Materials provided:
—————
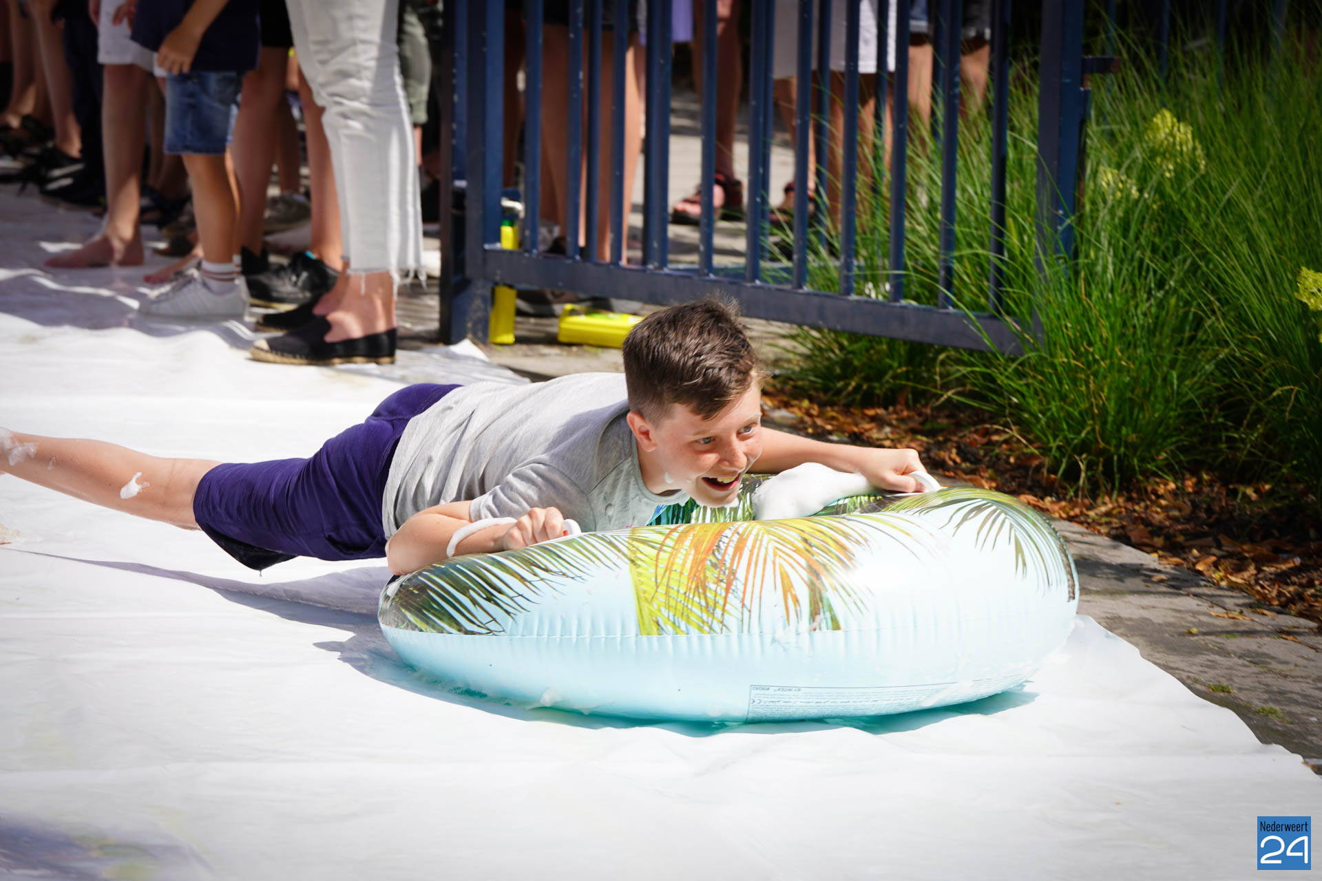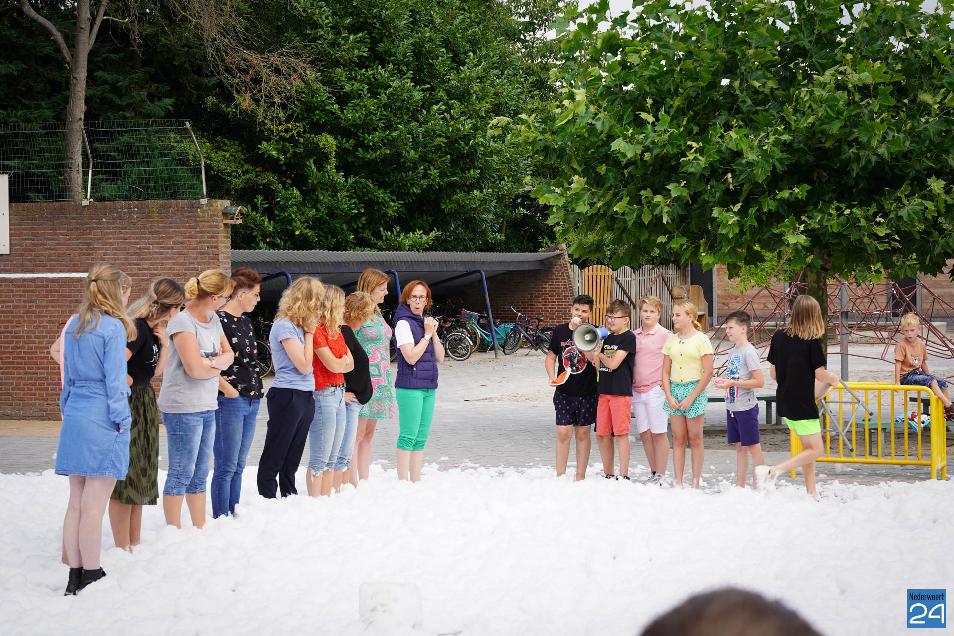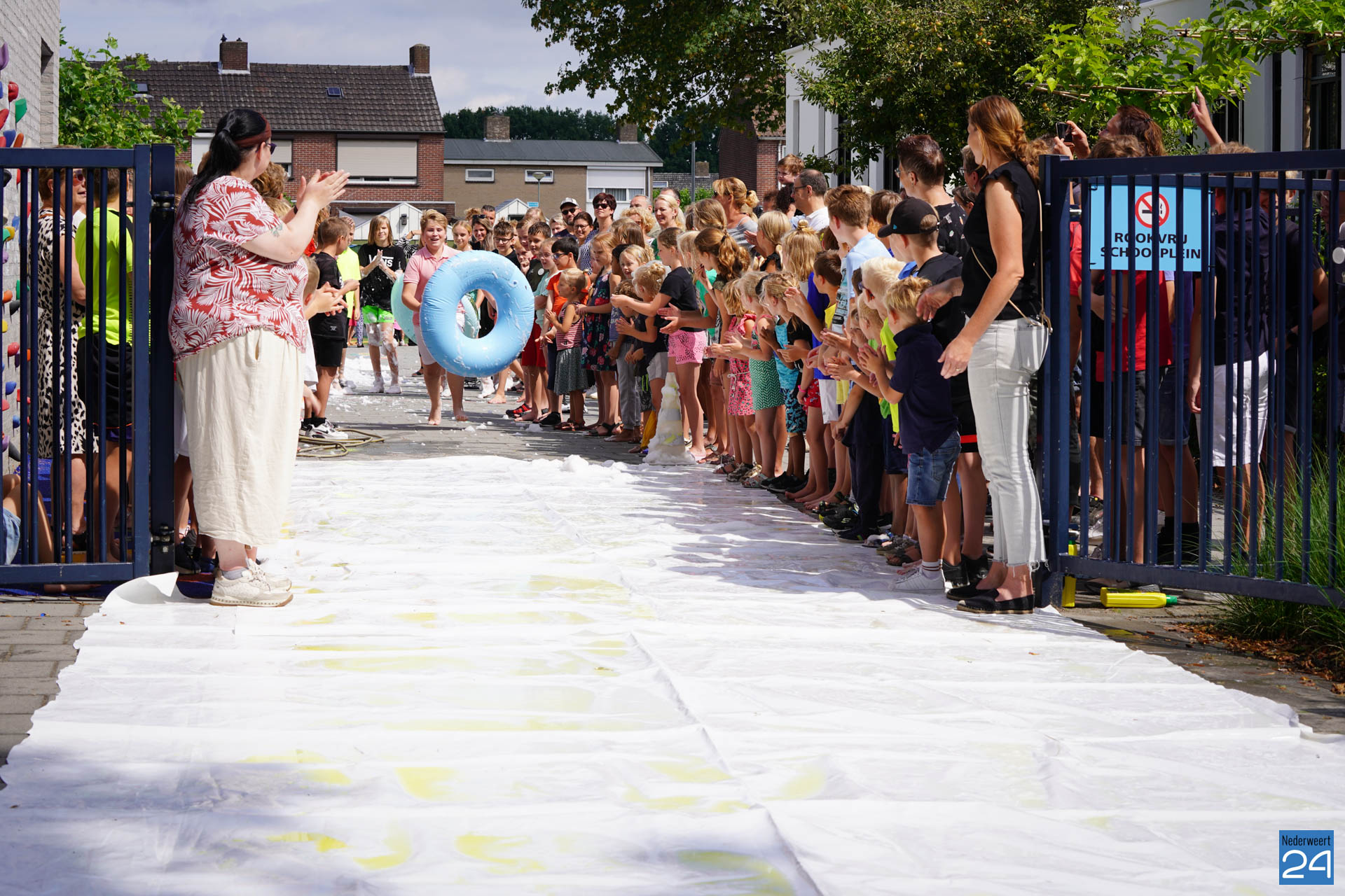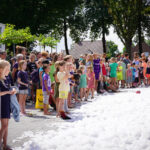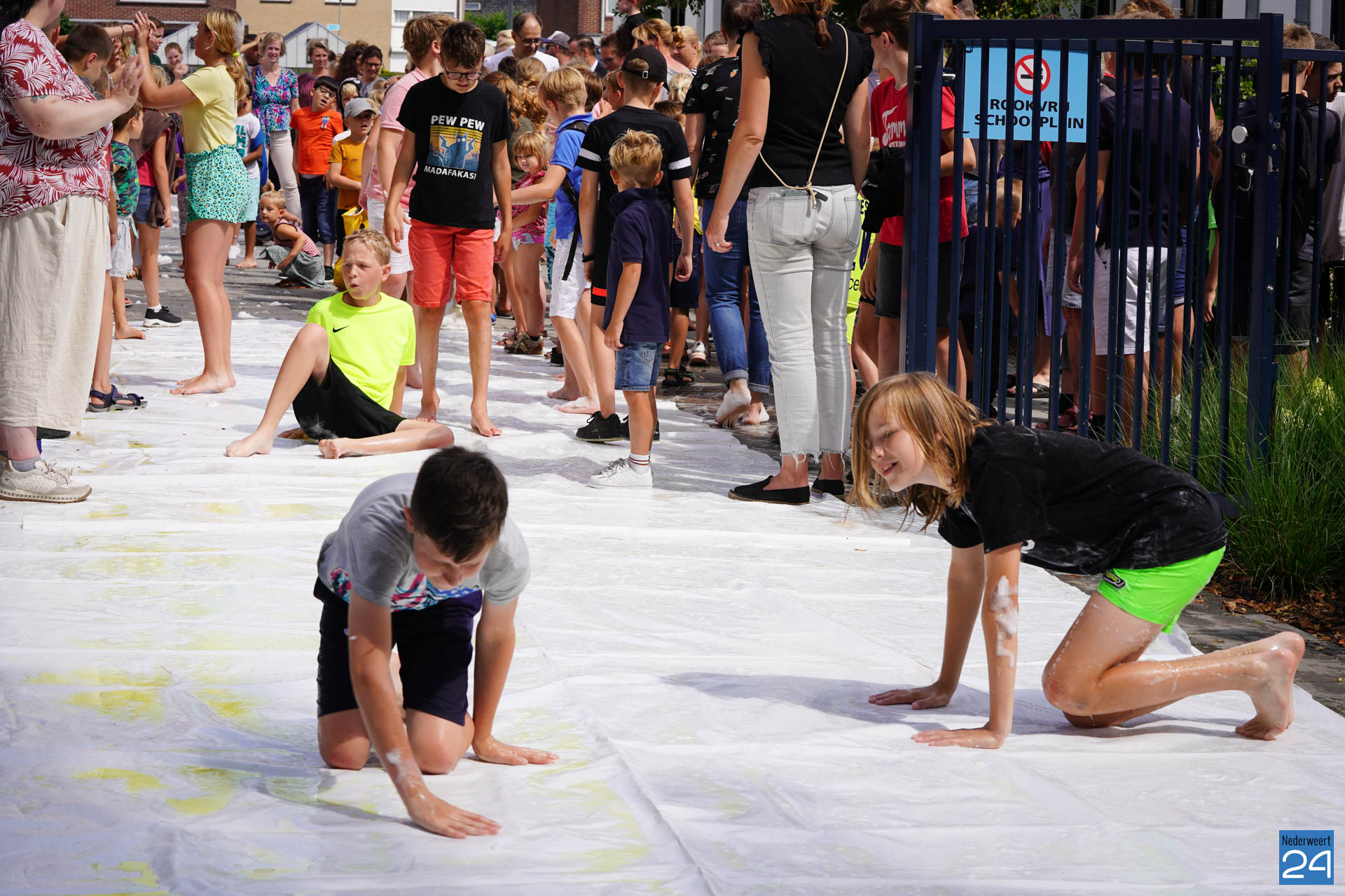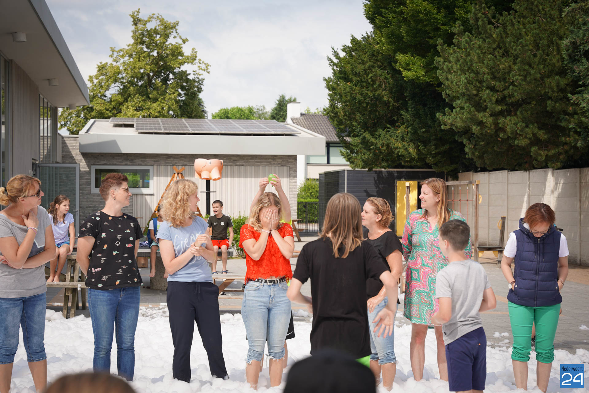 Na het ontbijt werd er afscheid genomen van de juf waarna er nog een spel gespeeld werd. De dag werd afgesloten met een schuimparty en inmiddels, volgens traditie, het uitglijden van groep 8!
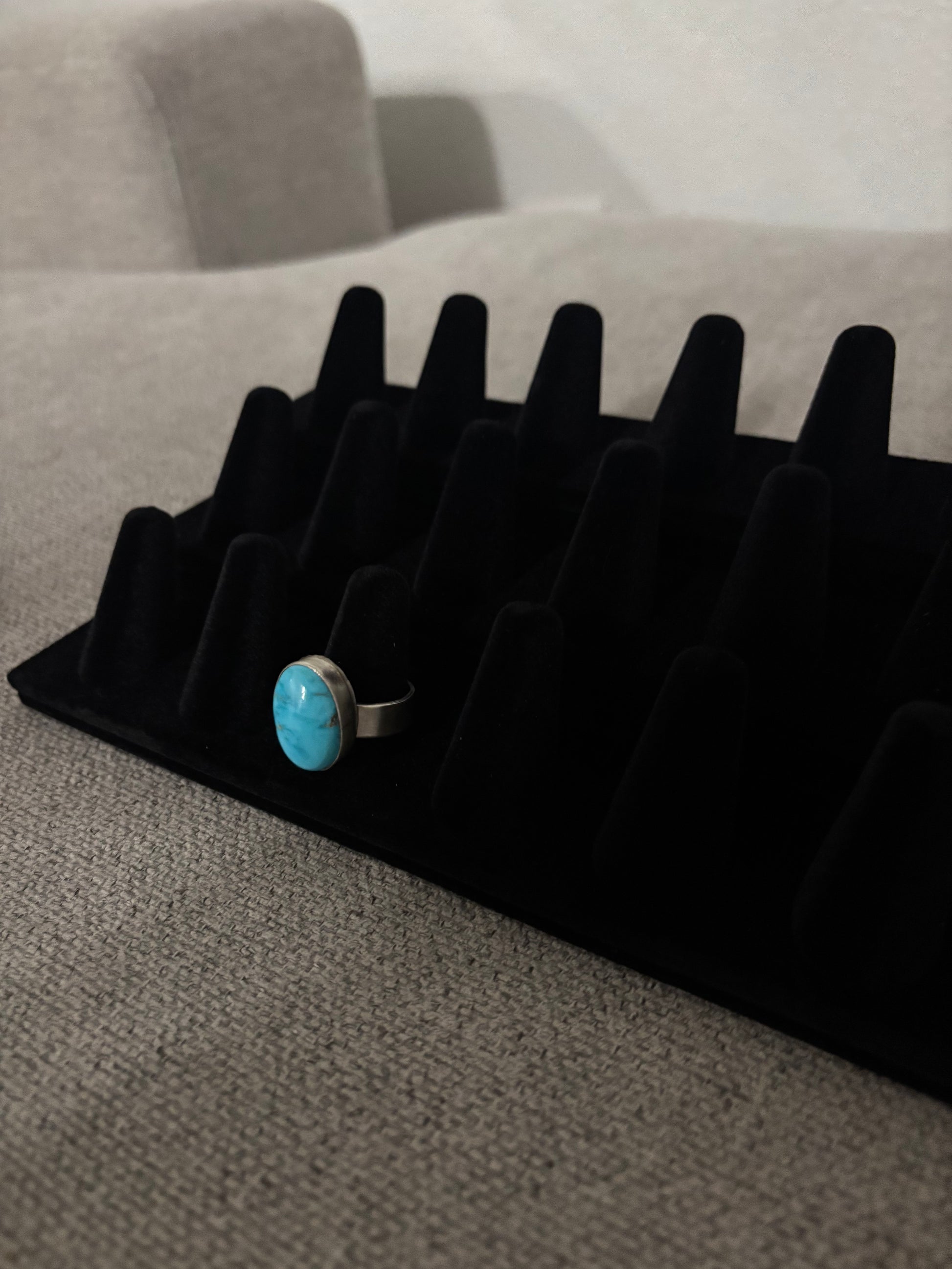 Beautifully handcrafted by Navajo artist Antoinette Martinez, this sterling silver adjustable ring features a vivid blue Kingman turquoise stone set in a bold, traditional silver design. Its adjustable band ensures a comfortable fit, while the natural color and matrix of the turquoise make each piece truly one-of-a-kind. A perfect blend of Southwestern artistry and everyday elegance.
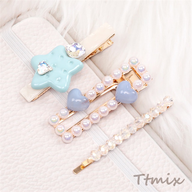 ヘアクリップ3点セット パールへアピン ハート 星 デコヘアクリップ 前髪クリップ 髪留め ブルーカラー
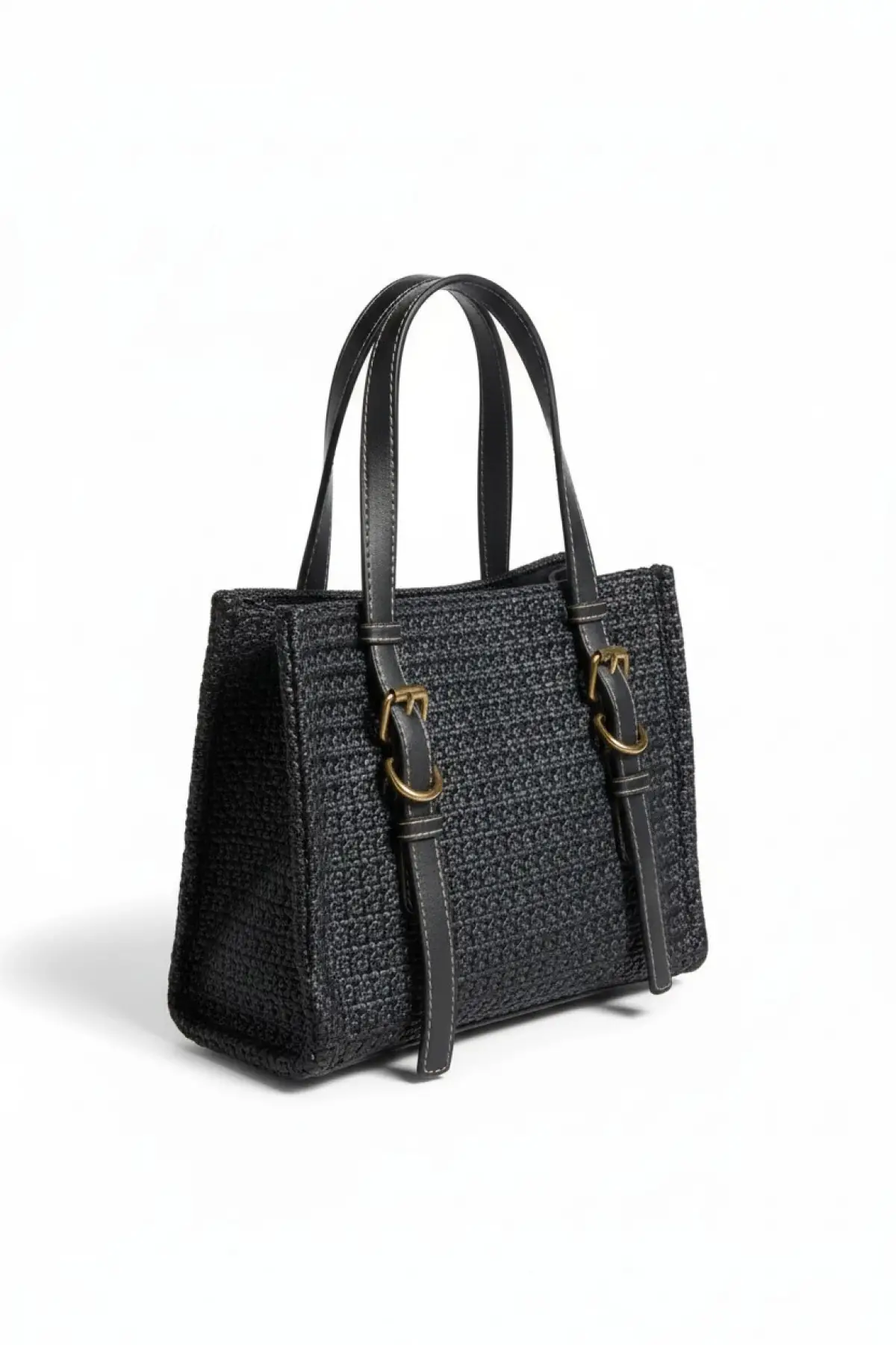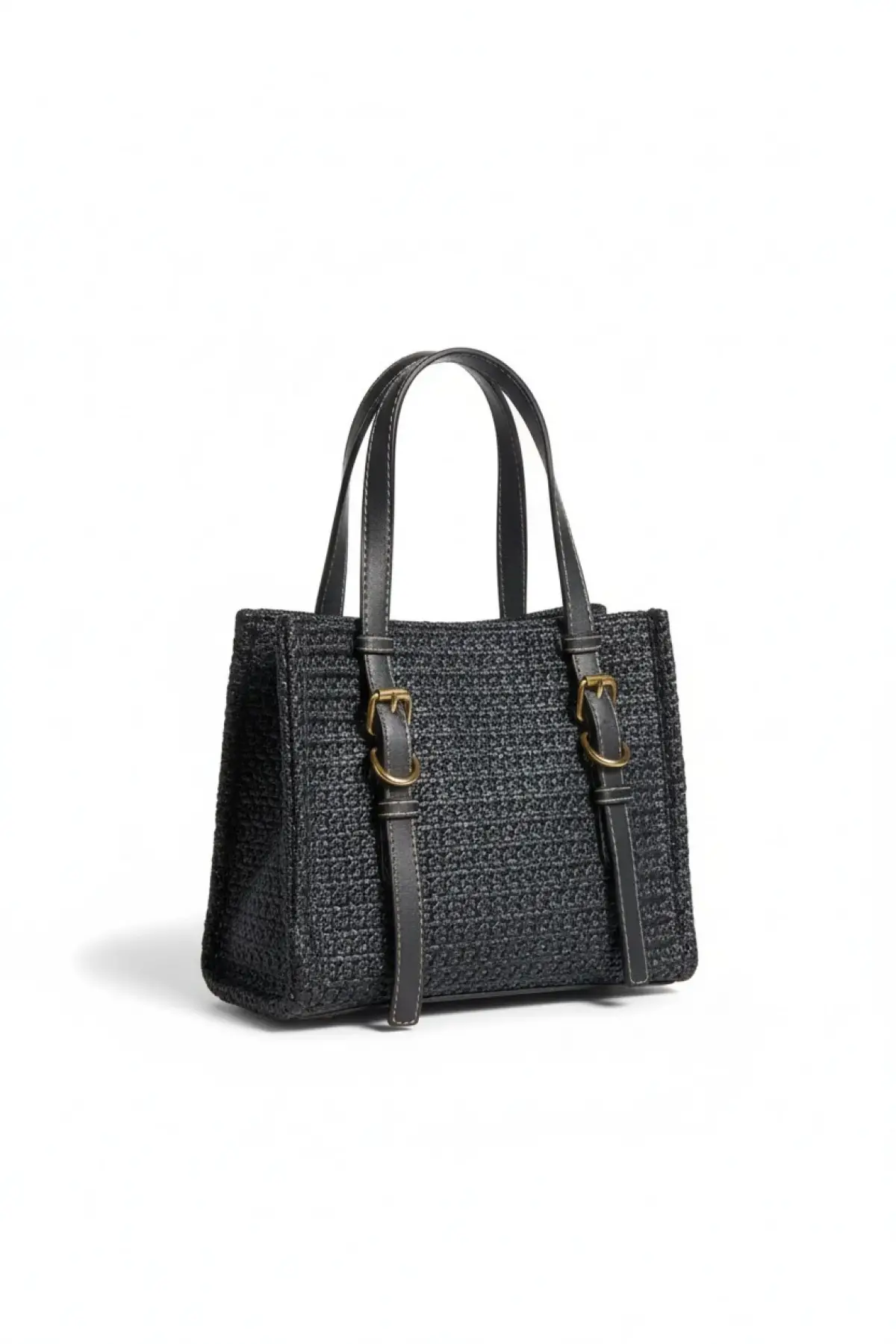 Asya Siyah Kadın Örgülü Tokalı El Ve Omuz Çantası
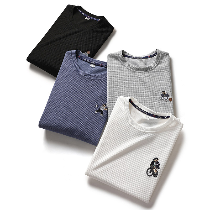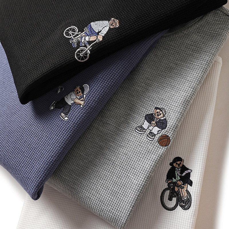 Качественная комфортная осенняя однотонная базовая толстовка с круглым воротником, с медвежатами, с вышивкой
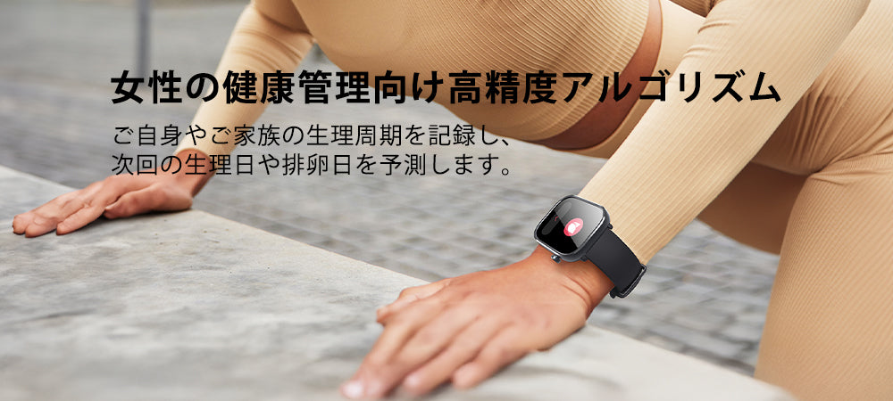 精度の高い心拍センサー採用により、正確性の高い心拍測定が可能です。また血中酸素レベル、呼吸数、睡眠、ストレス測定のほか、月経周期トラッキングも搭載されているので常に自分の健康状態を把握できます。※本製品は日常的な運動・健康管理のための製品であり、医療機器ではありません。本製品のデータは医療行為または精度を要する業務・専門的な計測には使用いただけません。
—————
Task directions:
Only the pictures are to be left out; repeat everything else in the records above exactly.

Output:
 Na het ontbijt werd er afscheid genomen van de juf waarna er nog een spel gespeeld werd. De dag werd afgesloten met een schuimparty en inmiddels, volgens traditie, het uitglijden van groep 8!
 Beautifully handcrafted by Navajo artist Antoinette Martinez, this sterling silver adjustable ring features a vivid blue Kingman turquoise stone set in a bold, traditional silver design. Its adjustable band ensures a comfortable fit, while the natural color and matrix of the turquoise make each piece truly one-of-a-kind. A perfect blend of Southwestern artistry and everyday elegance.
 ヘアクリップ3点セット パールへアピン ハート 星 デコヘアクリップ 前髪クリップ 髪留め ブルーカラー
 Asya Siyah Kadın Örgülü Tokalı El Ve Omuz Çantası
 Качественная комфортная осенняя однотонная базовая толстовка с круглым воротником, с медвежатами, с вышивкой
 精度の高い心拍センサー採用により、正確性の高い心拍測定が可能です。また血中酸素レベル、呼吸数、睡眠、ストレス測定のほか、月経周期トラッキングも搭載されているので常に自分の健康状態を把握できます。※本製品は日常的な運動・健康管理のための製品であり、医療機器ではありません。本製品のデータは医療行為または精度を要する業務・専門的な計測には使用いただけません。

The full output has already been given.